The historical population is given in the following chart:

==Politics==
In the 2007 federal election the most popular party was the CVP which received 37.56% of the vote. The next three most popular parties were the SP (19.83%), the FDP (15%) and the SVP (14.81%). In the federal election, a total of 706 votes were cast, and the voter turnout was 62.0%.
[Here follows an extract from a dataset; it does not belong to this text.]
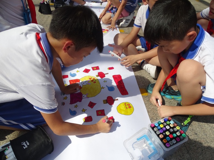此次活動(dòng)以周瑞珍校長(zhǎng)為總指揮,德育處、教導(dǎo)處做好前期部署,不同年級(jí)分別開(kāi)展不同的活動(dòng)。一至三年級(jí)的學(xué)生變身小小藝術(shù)家,開(kāi)動(dòng)腦筋,親手制作一張張精美的紙盤(pán)創(chuàng)意繪畫(huà),紙盤(pán)上有各種各樣的圖案,如嫦娥、玉兔、月亮等等,構(gòu)圖有趣,顏色鮮艷,一筆一畫(huà)充滿著濃濃的中秋情。四五年級(jí)的學(xué)生進(jìn)行“百人畫(huà)長(zhǎng)畫(huà)”活動(dòng),場(chǎng)面壯觀。學(xué)生想象豐富,以自己的視角,用小小的畫(huà)筆表達(dá)對(duì)中秋節(jié)深深的祝福!六年級(jí)的學(xué)生猜燈謎,校園內(nèi)的小操場(chǎng)、棋藝園內(nèi)懸掛著彩帶,100多條燈謎競(jìng)相爭(zhēng)輝,謎面科學(xué)而通俗、生動(dòng)而活潑,有猜字的、有猜成語(yǔ)的、有猜人名的、有猜地名的……燈謎涉及的面廣而量大。學(xué)生認(rèn)真思考,熱烈討論,紛紛猜對(duì)燈謎,兌換一份心儀的獎(jiǎng)品。校園內(nèi)一片歡聲笑語(yǔ),全校學(xué)生玩得不亦樂(lè)乎!

In the 2009 Conseil d'État/Staatsrat election a total of 718 votes were cast, of which 67 or about 9.3% were invalid. The voter participation was 62.8%, which is much more than the cantonal average of 54.67%. In the 2007 Swiss Council of States election a total of 698 votes were cast, of which 49 or about 7.0% were invalid. The voter participation was 61.9%, which is similar to the cantonal average of 59.88%.

==Economy==
As of In 2010 2010, Veyras had an unemployment rate of 3.4%. As of 2008, there were 26 people employed in the primary economic sector and about 11 businesses involved in this sector. 69 people were employed in the secondary sector and there were 12 businesses in this sector. 79 people were employed in the tertiary sector, with 23 businesses in this sector. There were 705 residents of the municipality who were employed in some capacity, of which females made up 44.7% of the workforce.
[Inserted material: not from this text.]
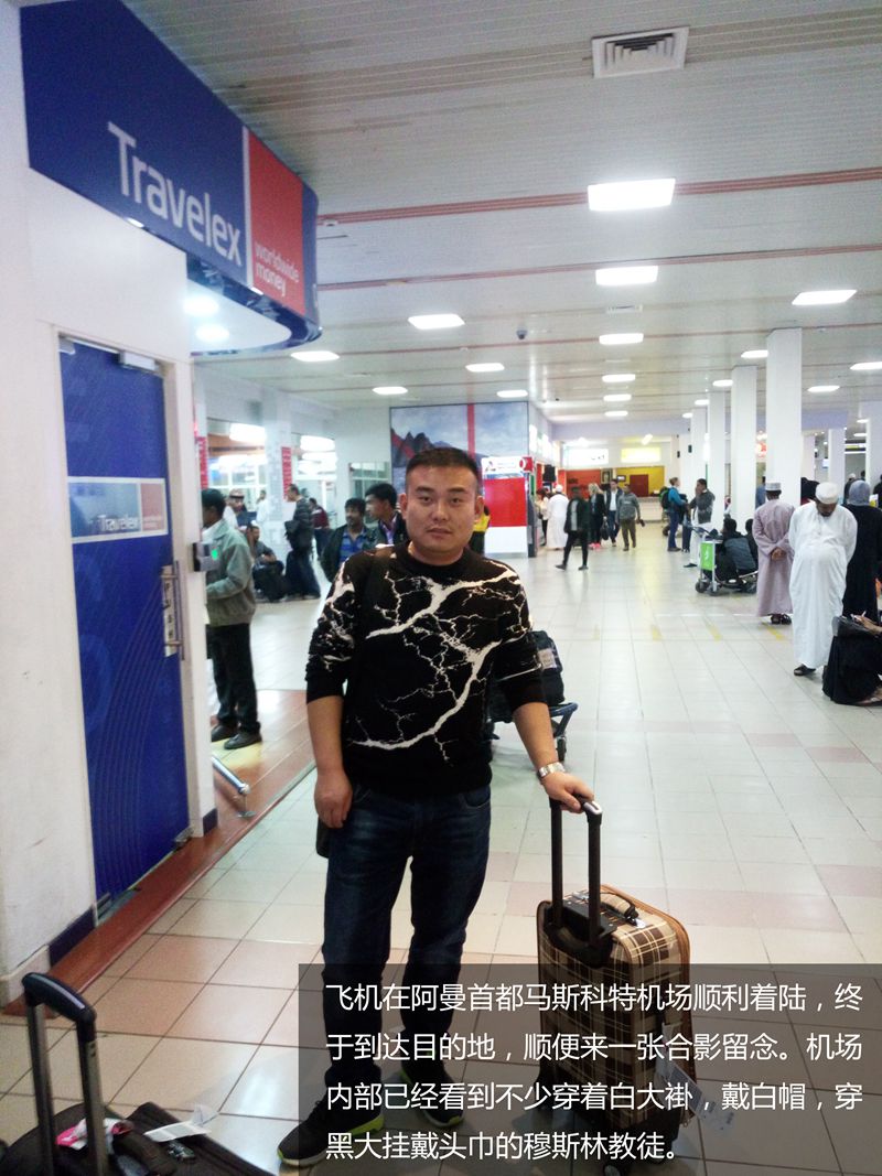飛機(jī)在阿曼首都馬斯科特機(jī)場(chǎng)順利著陸,終于到達(dá)目的地,順便來一張合影留念。機(jī)場(chǎng)內(nèi)部已經(jīng)看到不少穿著白大褂戴白帽,穿黑大掛戴頭巾的穆斯林教徒。

In 2008 the total number of full-time equivalent jobs was 126. The number of jobs in the primary sector was 14, all of which were in agriculture. The number of jobs in the secondary sector was 61 of which 35 or (57.4%) were in manufacturing and 25 (41.0%) were in construction. The number of jobs in the tertiary sector was 51. In the tertiary sector; 8 or 15.7% were in wholesale or retail sales or the repair of motor vehicles, 2 or 3.9% were in the movement and storage of goods, 16 or 31.4% were in a hotel or restaurant, 2 or 3.9% were in the information industry, 1 was the insurance or financial industry, 3 or 5.9% were technical professionals or scientists, 8 or 15.7% were in education and 3 or 5.9% were in health care.
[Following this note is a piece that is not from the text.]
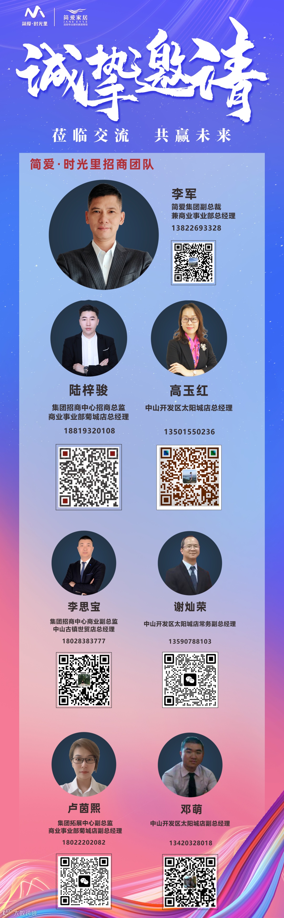 简爱家居:专注行业16年,超100亿总产值,超300场品牌落地活动,服务覆盖一亿人群。坐拥城市CBD黄金商圈千万人流,甄选500+家中高端家居品牌,倾力打造最高品质的家居生活与文化体验平台。新零售时代,简爱家居再升华,不断突破,紧跟互联网时代,升级团队,形成以90后海归新青年为核心的市场营销中心,利用新媒体平台和技术,推动数字化营销转型,构建卖场与商户之间的共同体思想,以“工厂+经销商+商场”三位一体的发展模式打造全新行业格局!携手上下游伙伴开创小而美的精致生活时代,共赢发展,创造时代裂变财富效应。

In 2000, there were 82 workers who commuted into the municipality and 585 workers who commuted away. The municipality is a net exporter of workers, with about 7.1 workers leaving the municipality for every one entering. Of the working population, 8.8% used public transportation to get to work, and 76.3% used a private car.

==Religion==
From the 2000 census, 1,144 or 80.5% were Roman Catholic, while 95 or 6.7% belonged to the Swiss Reformed Church. Of the rest of the population, there were 9 members of an Orthodox church (or about 0.63% of the population), and there were 40 individuals (or about 2.81% of the population) who belonged to another Christian church. There was 1 individual who was Jewish, and 7 (or about 0.49% of the population) who were Islamic. There were 5 individuals who belonged to another church. 69 (or about 4.85% of the population) belonged to no church, are agnostic or atheist, and 69 individuals (or about 4.85% of the population) did not answer the question.

==Education==
In Veyras about 481 or (33.8%) of the population have completed non-mandatory upper secondary education, and 238 or (16.7%) have completed additional higher education (either university or a Fachhochschule). Of the 238 who completed tertiary schooling, 60.9% were Swiss men, 27.3% were Swiss women, 7.1% were non-Swiss men and 4.6% were non-Swiss women.

As of 2000, there were 2 students in Veyras who came from another municipality, while 144 residents attended schools outside the municipality.

==Notable residents==
- Rainer Maria Rilke (1875-1926), Bohemian-Austrian poet, lived here from 1921 to 1926 and completed his Duino Elegies, a collection of ten long poems, at the Château de Muzot in 1922.
- Baladine Klossowska (1886-1969), painter, the last lover of Rainer Maria Rilke.
- Balthus (1908-2001), artist and son of Baladine Klossowska, as a child.
- Pierre Klossowski (1905-2001), artist and son of Baladine Klossowska, as a child.